Cataract Type 14 via the GJA3 Gene
- Summary and Pricing
- Clinical Features and Genetics
|Test Code||Test Copy Genes||Individual Gene Price||CPT Code Copy CPT Codes|
For ordering targeted known variants, please proceed to our Targeted Variants landing page.
The great majority of tests are completed within 18 days.
Predicting clinical sensitivity for the GJA3 gene is challenging due to the genetic heterogeneity. However, all the reported causative variants are detectable by sequencing (Human Gene Mutation Database).
Cataracts are described as opacification of the crystalline lens of the eye that result in abnormal refraction index and light scattering. Congenital cataracts (CC) are a serious and leading cause of reversible blindness in childhood. They account for about one-tenth of the cases of childhood blindness (Francis and Moore 2004). Estimated prevalence rate is 1.2 - 6.0 per 10,000 live births. Early diagnosis and surgery and optical correction have resulted in an improved outcome for infants with either unilateral or bilateral cataracts (Lambert and Drack 1996).

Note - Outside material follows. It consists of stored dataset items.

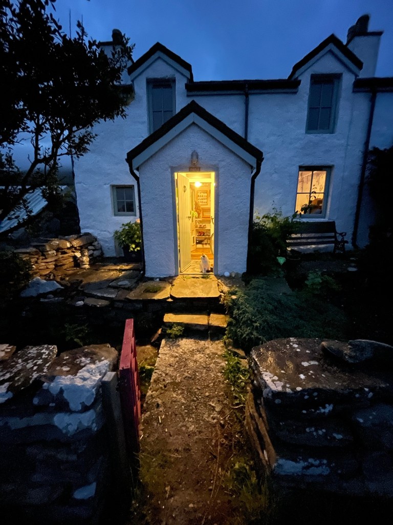 When I lived in Shetland, my knitting patterns and their colour choices were devised around the wild Shetland landscape, the croft house that I lived in and the woman who had lived in the house for 83 years until 1960. But now, the Kaleidoscope jumper has been more playful, named after my own kaleidoscope at home, which has a great big blue marble at the end.
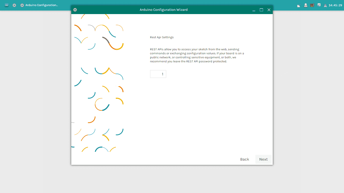 REST is an acronym for "Representational State Transfer". It is a software architecture that exposes various parts of the Arduino hardware through URLs. By default, the REST API access is password protected. It is possible to change this to access the services without a password, clicking on Open.
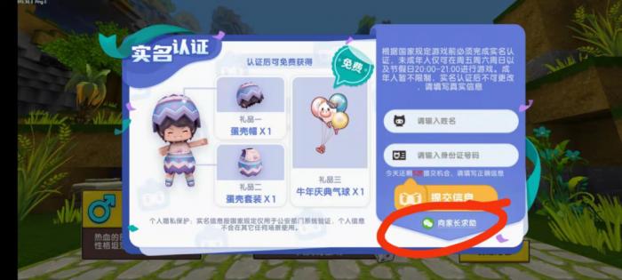 (图说:在《迷你世界》的实名认证环节,未成年人可向选择“向家长求助”功能。)
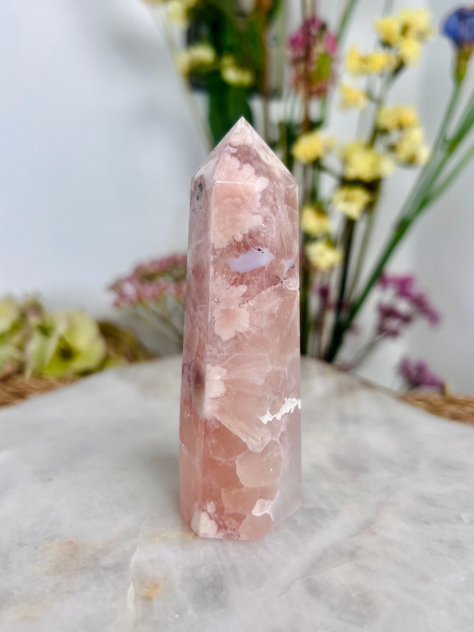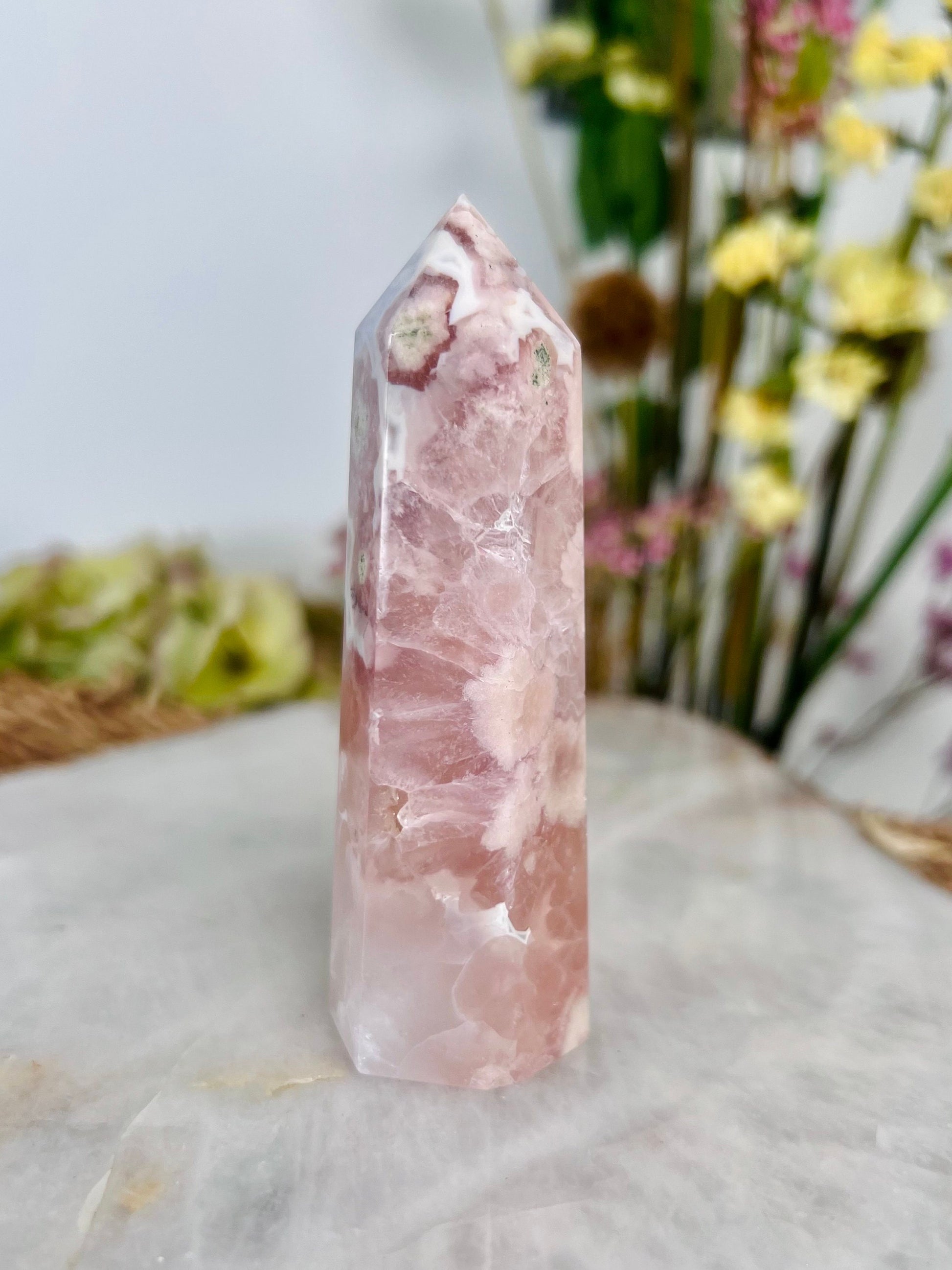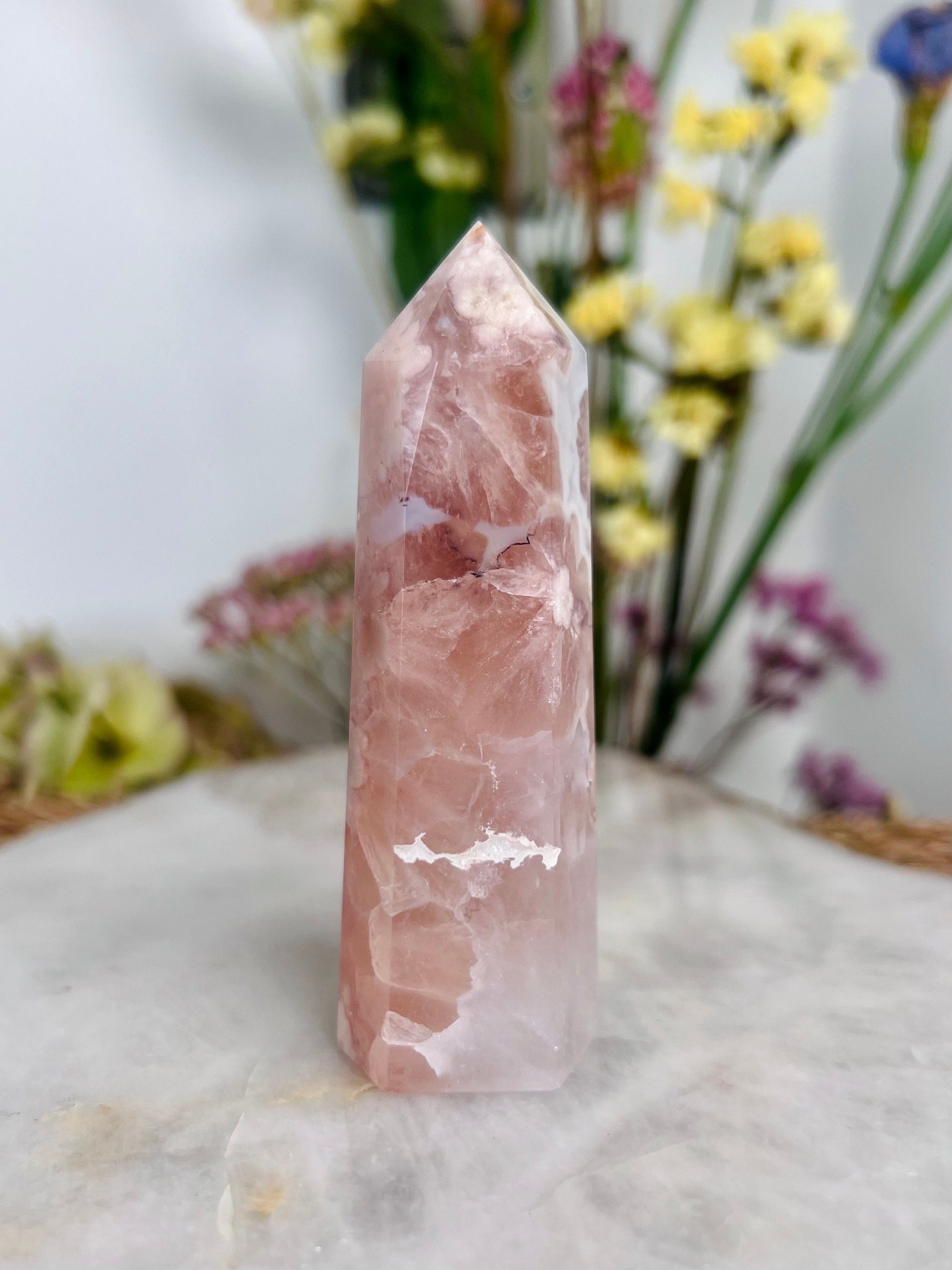 Grade AAA Natural Pink Flower Agate and Quartz Tower from Madagascar, Crystal Healing home decor, Manifestation Crystal 109g FAT01

GJA3-associated cataracts are characterized as zonular pulverulent, posterior polar, nuclear coralliform, embryonal nuclear, and Coppock-like catatracts (Rees et al. 2000; Zhang et al. 2012).
Currently, isolated or primary cataracts have been mapped to about 40 genetic loci, and over 25 of those are connected to pathogenic variants in specific genes. However, this number is constantly increasing. Among the candidate genes, the majority of the identified pathogenic variants (about half) are in crystallins (CRYAA, CRYAB, CRYBA1, CRYBB1, CRYBB2, CRYBB3, CRYBA4, CRYGS, CRYGC, CRYGD), followed by (about a quarter) lens-specific connexins (GJA3, GJA8). The remainder are divided among growth and Transcription Factors (HSF4, MAF, PITX3), Membrane Proteins aquaporin-0 ((AQP0, also known as MIP), cytoskeletal structural proteins (beaded filament structural proteins BFSP1 and BFSP2) and others (FYCO1, GCNT2, HSF4, LIM2, SIL1, TDRD7, FOXE3, CHMP4B, EPHA2, SLC33A1, AGK) (Hejtmancik 2008).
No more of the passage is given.